KabarMu – Pimpinan Pusat Muhammadiyah melalui Sekretaris Umum Abdul Mu’ti menyoroti dugaan larangan penggunaan jilbab bagi anggota Pasukan Pengibar Bendera Pusaka (Paskibraka) Nasional. Abdul Mu’ti dengan tegas mengecam tindakan tersebut dan menilai larangan ini sebagai pelanggaran serius terhadap prinsip-prinsip dasar Pancasila serta kebebasan beragama yang dijamin oleh konstitusi.

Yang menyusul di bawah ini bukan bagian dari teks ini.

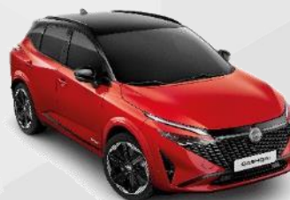
FUJI SUNSET RED /BLACK

“Jika benar terjadi larangan penggunaan jilbab bagi anggota Paskibraka, hal ini sangat bertentangan dengan nilai-nilai Pancasila dan kebebasan beragama yang merupakan hak setiap individu di negara ini,” ujar Mu’ti dalam pesan singkat kepada CNNIndonesia.com pada Rabu (14/8).
Abdul Mu’ti menyatakan bahwa larangan semacam ini merupakan bentuk pemaksaan yang tidak dapat diterima. Ia menekankan bahwa panitia pelaksana upacara harus segera mencabut larangan tersebut. “Panitia harus mencabut larangan itu karena itu merupakan tindakan diskriminatif dan bertentangan dengan hak asasi manusia,” tegasnya.
Kabar mengenai larangan ini pertama kali mencuat setelah foto resmi anggota Paskibraka Nasional 2024 tersebar di media sosial. Dalam foto tersebut, tidak terlihat satu pun anggota yang mengenakan jilbab, meskipun beberapa dari mereka diketahui berhijab dalam kehidupan sehari-hari. Kondisi ini menimbulkan kekhawatiran dan protes dari berbagai kalangan, termasuk dari Muhammadiyah sebagai salah satu organisasi Islam terbesar di Indonesia.
Mengutip laporan Republika.com, bahwa pada upacara peringatan Hari Ulang Tahun (HUT) Kemerdekaan RI ke-79 yang akan dilaksanakan di Ibu Kota Nusantara (IKN), Kalimantan Timur, pada 17 Agustus 2024, 18 delegasi Paskibraka Nasional diharuskan melepaskan jilbabnya saat bertugas mengibarkan bendera pusaka. Langkah ini dinilai oleh banyak pihak sebagai tindakan yang tidak menghormati keberagaman dan kebebasan beragama, yang seharusnya dijunjung tinggi oleh setiap elemen bangsa, terutama dalam momen-momen penting seperti perayaan kemerdekaan.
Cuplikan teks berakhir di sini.